La société SA Bureau Veritas n’a pas constitué avocat. La déclaration d’appel et les dernières conclusions des appelantes lui ont été respectivement signifiées les 16 avril 2025 et 16 juin 2025 (articles 656 et 658 du Code de procédure civile).
MOTIVATION
Dans sa première ordonnance précitée, le juge des référés n’avait pas mis hors de cause la société SA Bureau Veritas dans le dispositif.
Suivant sa décision rectificative du 28 février 2025, ce magistrat a expressément prononcé la mise hors de cause du contrôleur technique.
Les appelantes reprochent au premier juge d’avoir statué en ce sens alors que 'ce point n’avait pas été évoqué à l’audience lors de laquelle la société SA Bureau Veritas n’était pas représentée'. Elles fournissent divers documents attestant sa désignation en qualité de contrôle technique et son intervention à plusieurs reprises sur le chantier au cours de l’opération de construction d’une centrale biomasse dans la commune de [Localité 5]. Elles concluent dès lors que celle-ci ne saurait être mise hors de cause afin que les opérations d’expertises judiciaires lui soient déclarées communes et opposables.
La société SA Bureau Veritas n’a pas comparu en première instance et ne comparait pas en appel. En application des dispositions de l’article 954 du code de procédure civile, la partie qui ne conclut pas ou qui, sans énoncer de nouveaux moyens, demande la confirmation du jugement est réputée s’en approprier les motifs (Civ. 1re, 20 septembre 2006, n° 05-20.001).
Les éléments suivants doivent être relevés :
Plusieurs fuites sont survenues depuis la date de la réception sans réserve du 10 octobre 2013 du lot 'réseau de chaleur’ confié à la société Sogeca par le maître de l’ouvrage Dalkia.
Dans plusieurs documents afférents au chantier, il apparaît bien que la société SA Bureau Veritas est effectivement intervenue en qualité de contrôleur technique du lot n°6.
Toutefois :
Il importe peu de constater que la société SA Bureau Veritas a été destinataire du compte rendu n°9 rédigé le 11 mars 2025 par l’expert judiciaire. En effet, ce document lui a été simplement adressé par LS et il doit être observé qu’elle n’a pas reçu tous les autres notes rédigées par M. [M].

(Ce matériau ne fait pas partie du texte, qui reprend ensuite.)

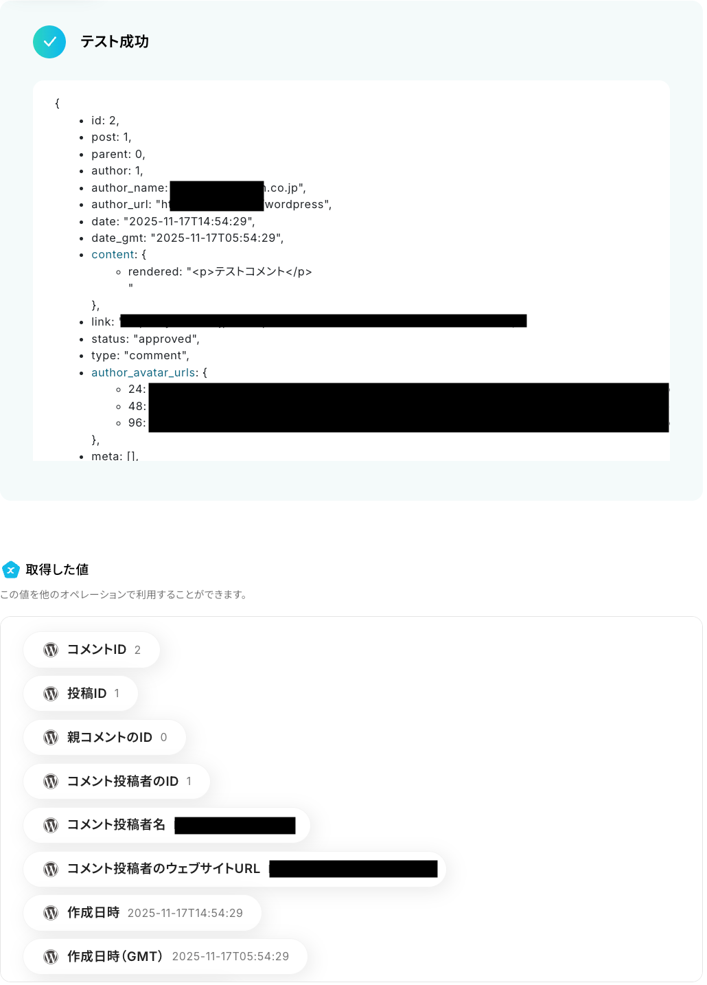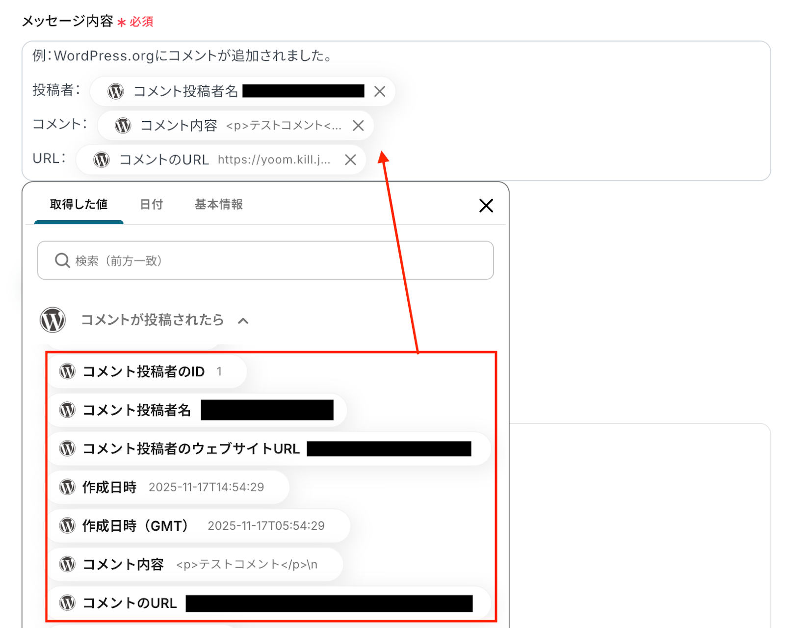通知できる項目は、WordPress.orgの「コメントが追加されたら」アクションでテストを実施した際に表示される、取得した値をご確認ください。
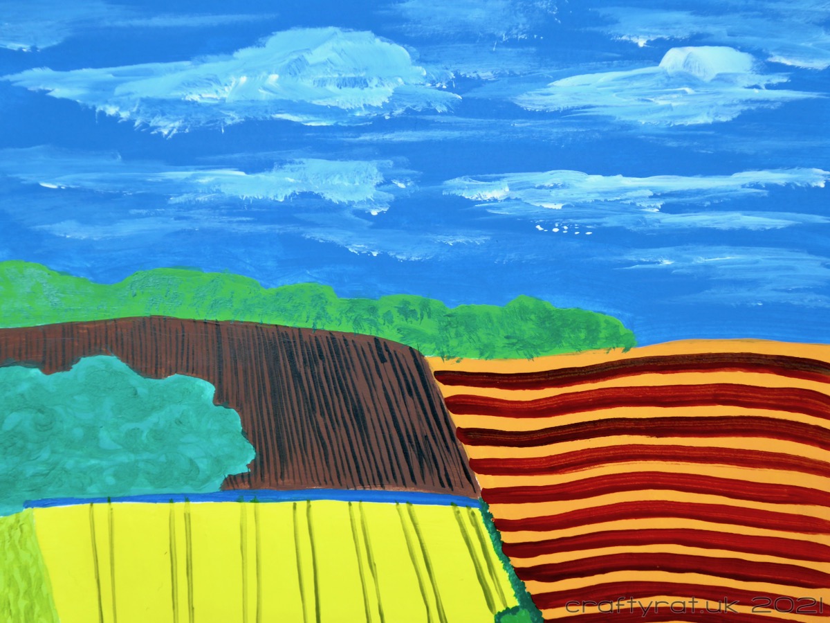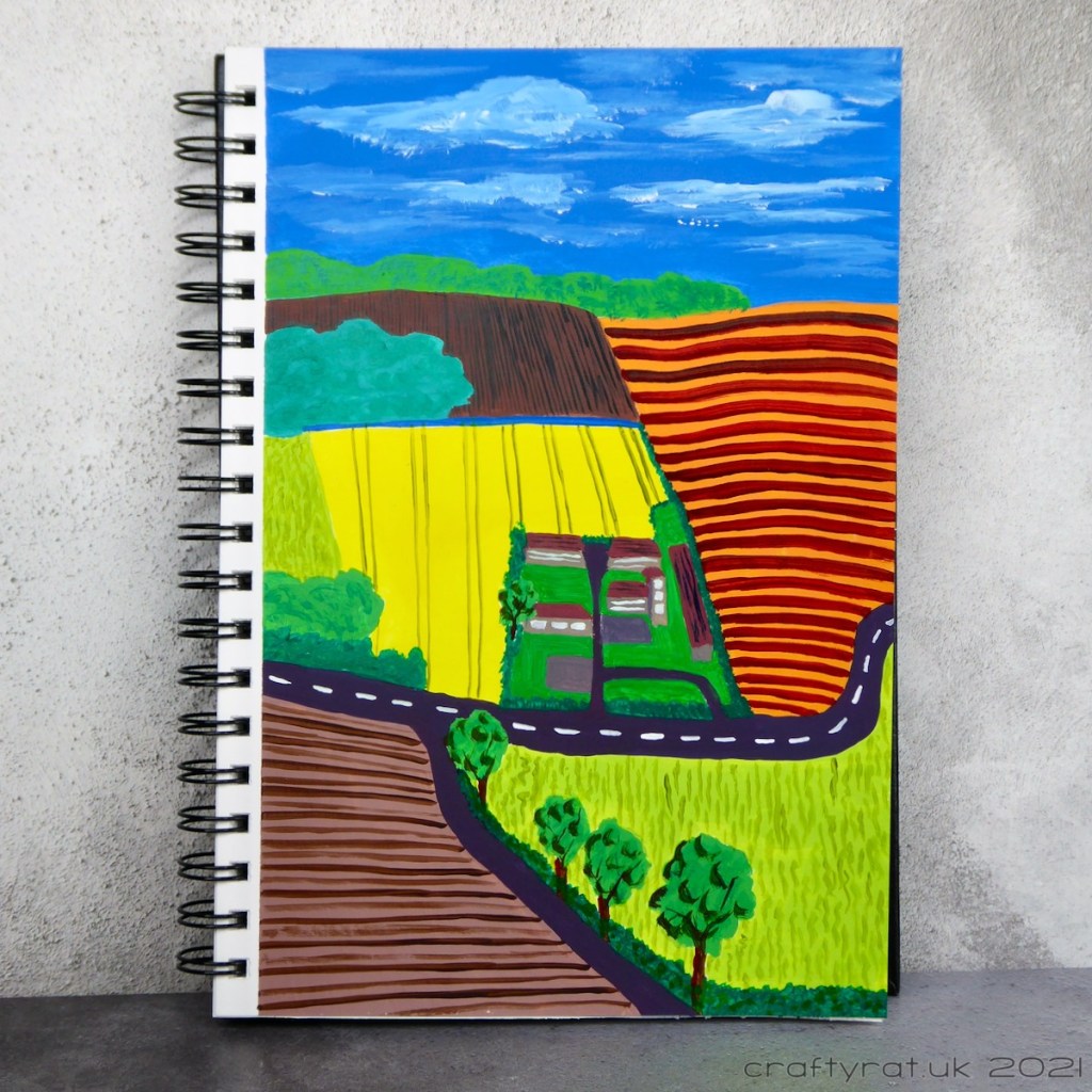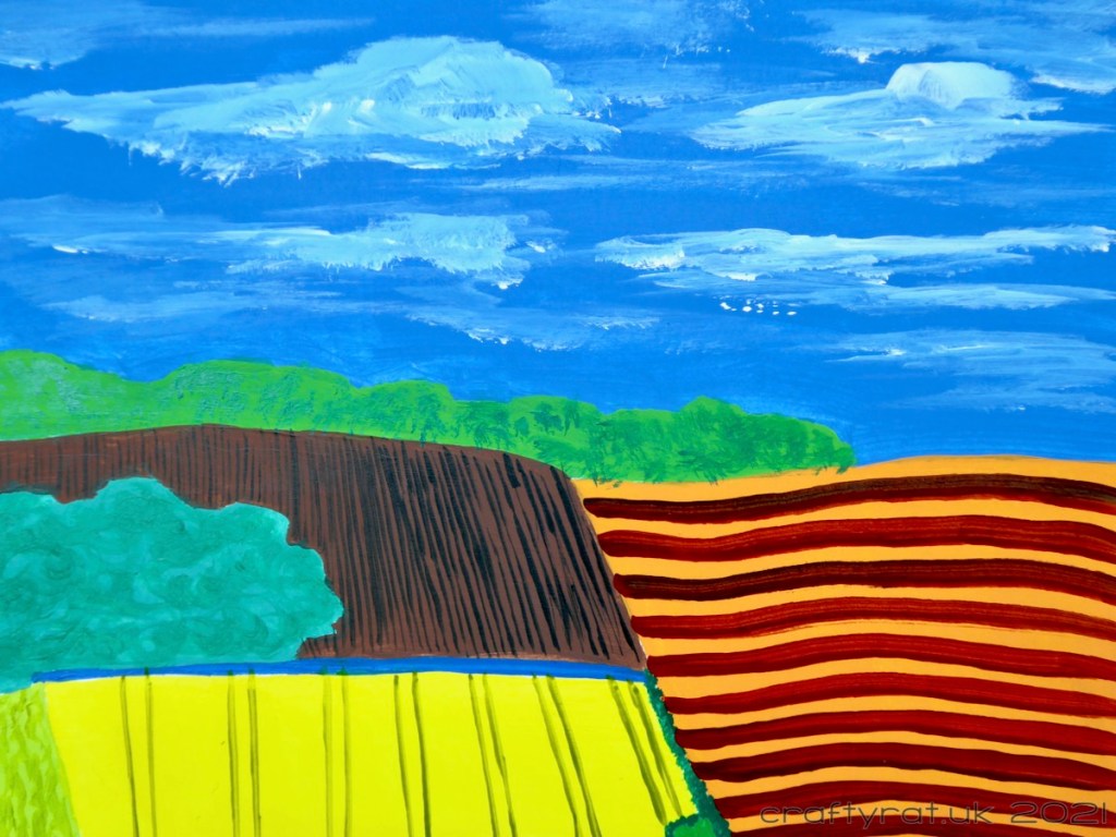The idea was to look at David Hockney’s style of landscape painting with its often contrasting colours, simplistic perspective and proportion, and mark-making, and then apply that to a landscape that we are familiar with.
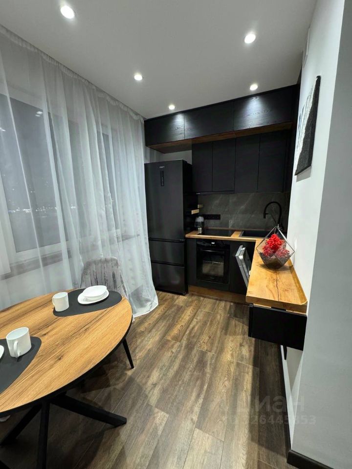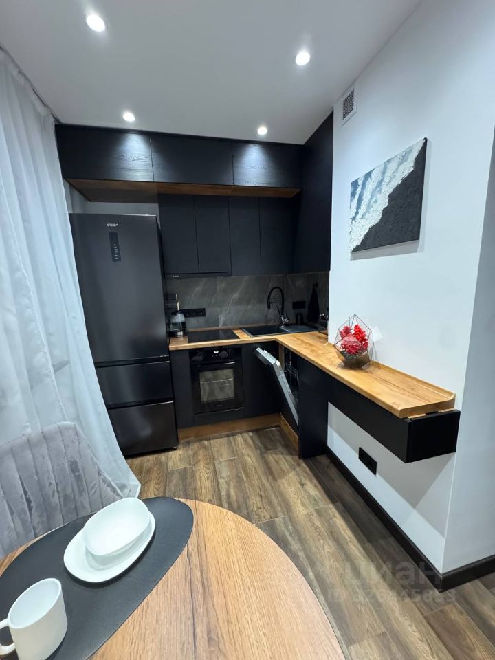 Оборудованная кухня (плита индукция, посудумойка, духовка, холодильник, чайник, микроволновка, вытяжка). Окна квартиры выходят на пруды с фонтанами.
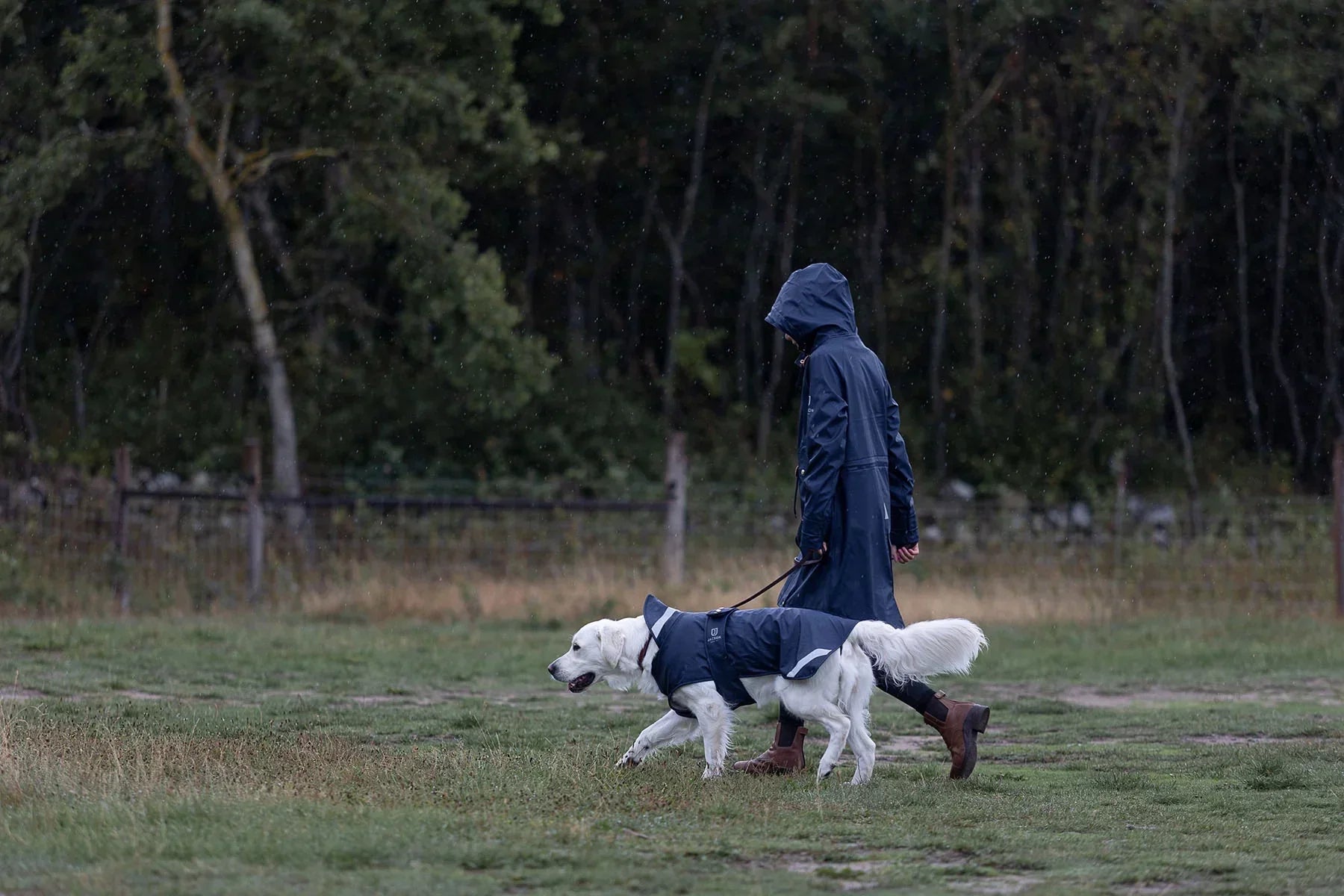 Den här vattentäta hundtäcke är tillverkat i mjukt och följsamt material och har reflekterande detaljer samt elastiska bensnören. Med en vattenpelare på 5000 mm håller det din hund torr i regnet. Täcket är fodrat med fleece för extra värme och har en praktisk magplatta som stängs med kardborre över ryggen. Observera att produkten tillhör Jacsons Pre-Loved Sortiment, vilket innebär att den kan ha använts tidigare eller ha mindre skönhetsfel. Genom att välja dessa produkter bidrar du till Jacsons hållbarhetsarbete, vilket underlättar att minska klädavfall och förlänger livslängden på kläder.
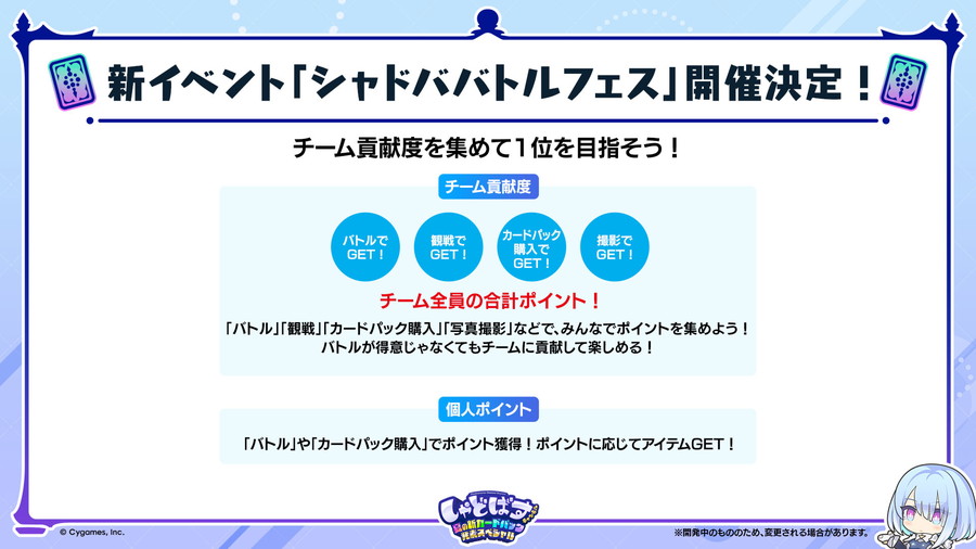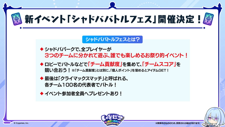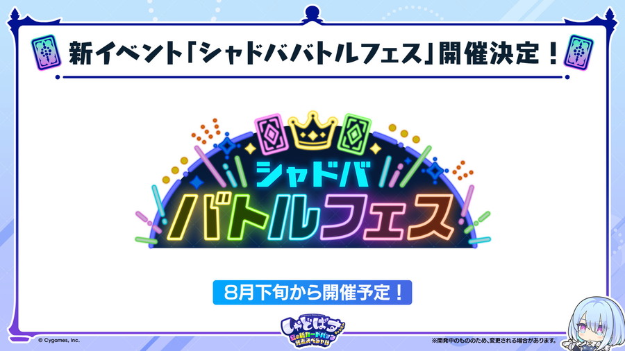 「シャドバパーク」内の全プレイヤー参加型のゲーム内新イベント「シャドババトルフェス」の開催が決定した。「シャドババトルフェス」は2025年8月下旬から開催予定。
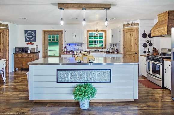 Stunning Country Farm Home with amazing amenities. Custom features throughout Sitting on a prestige 26.91 acres m/l laying tucked in the Ouachita Mountains. Open Concept with an amazing huge mud room which also leads to a huge safe room for storms and survival. There is a sewing room or hobbyroom and lots of storage make for your own she room Walk Into the Master chefs kinda of Kitchen including 2 huge walk in pantrys, Stainless steel Island Top, Country Wooden Counter tops, Gas Propane Stove with Gorgeous Wood Vent, Open up to the dining room and Huge Living room . Beautiful Brick wood fire place. Look out the front window to a remarkable stocked pond with a beautiful dock to feed or catch the fish. This home has the charm with the farm house bedrooms and country bathrooms .It is complete with light unique farm light fixtures and that amazing Kitchen Island.On the Property is a huge producing working garden spot , and a 20x10 Green House also a 21x18 Boat Shed, 21x18 Wood Shed, 30x15 Shop, and for your fresh farm eggs there is a spectacular chicken pen 16x16 with 8x8 laying house .This is a working cattle and vegetable farm .All this can be yours Dreams can come true on this Farm house Farm oh and don't forget an above ground salt pool,. All sides are fenced with a small creak running to the west of the property. Mountain views from the drive way.The peaceful setting will make not want to ever leave.
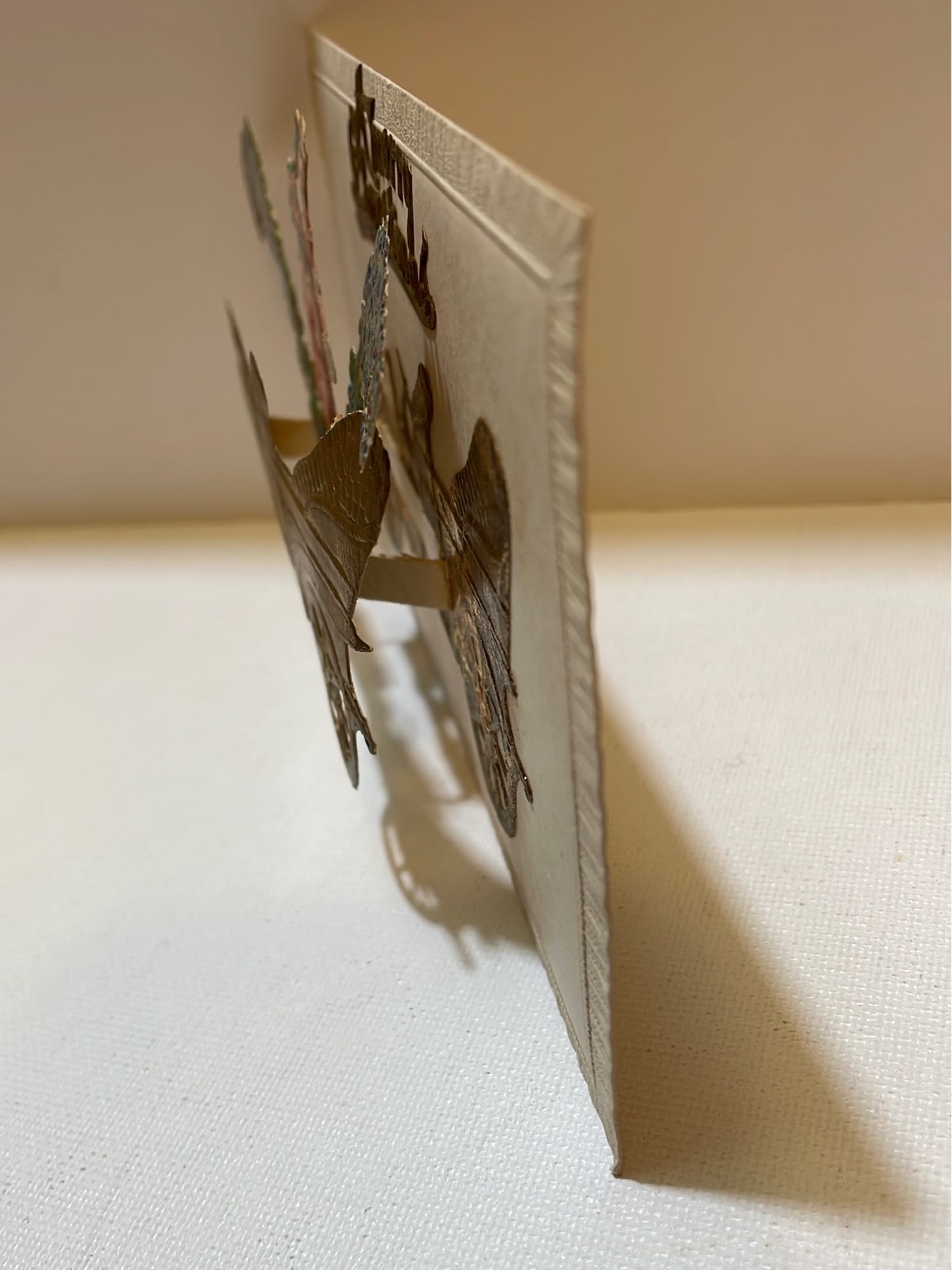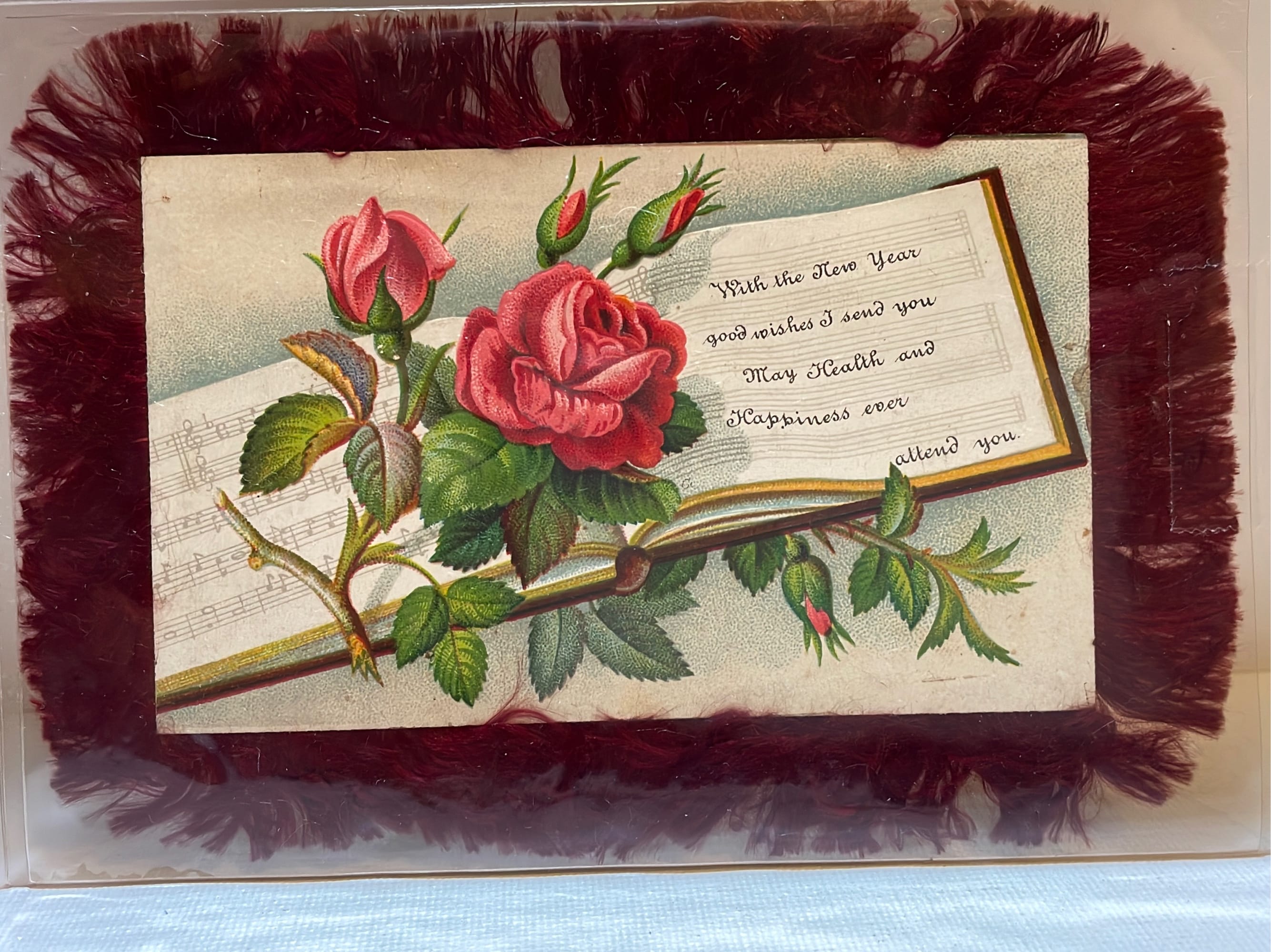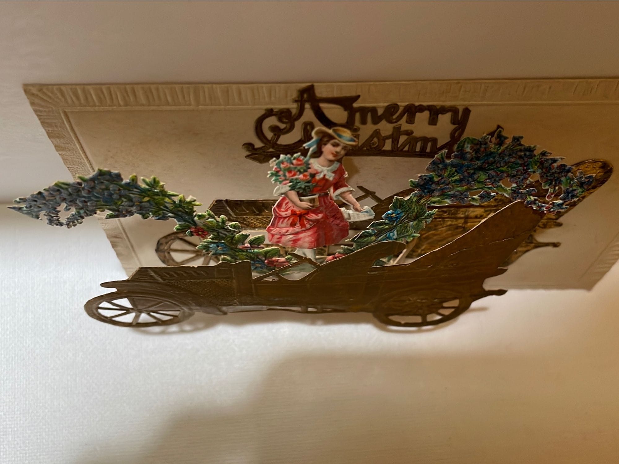 28 3 Special Vintage postcards: 2 fringed Christmas/New Year cards, and 1 3-Dimensional Christmas card of woman entering car

Les appelantes ne démontrent pas avoir consulté l’expert judiciaire afin que celui-ci émette un avis sur la participation du contrôleur technique aux opérations d’expertise.
Alors que le contrat conclu entre le maître de l’ouvrage Dalkia déterminant le contenu de la mission incombant au contrôleur technique avait été produit lors des débats ayant amené le juge des référés à rendre sa première ordonnance (cf la pièce n°1), celui-ci ne figure pas dans le bordereau de pièces communiquées en appel.
Or, le contrôleur technique est soumis à la présomption de responsabilité des constructeurs, mais seulement 'dans la limite de la mission à lui confiée par le maître d’ouvrage’ en application des dispositions de l’article L 111-24 du code de la construction et de l’habitation.
Faute d’éléments suffisants permettant d’attester l’existence d’un motif légitime permettant d’attraire aux opérations d’expertise judiciaire la société SA Bureau Veritas, il convient de confirmer la décision rectifiée ayant rejeté la demande présentée par la SA Dalkia et la société Dalkia Biomasse [Localité 5].
PAR CES MOTIFS
La Cour,
— Confirme, dans les limites de l’appel, l’ordonnance du 19 février 2024, rectifiée le 28 février 2025, rendue par le juge des référés du tribunal judiciaire de Rennes ;
— Condamne la société anonyme Dalkia et la société Dalkia Biomasse [Localité 5] au paiement des dépens d’appel.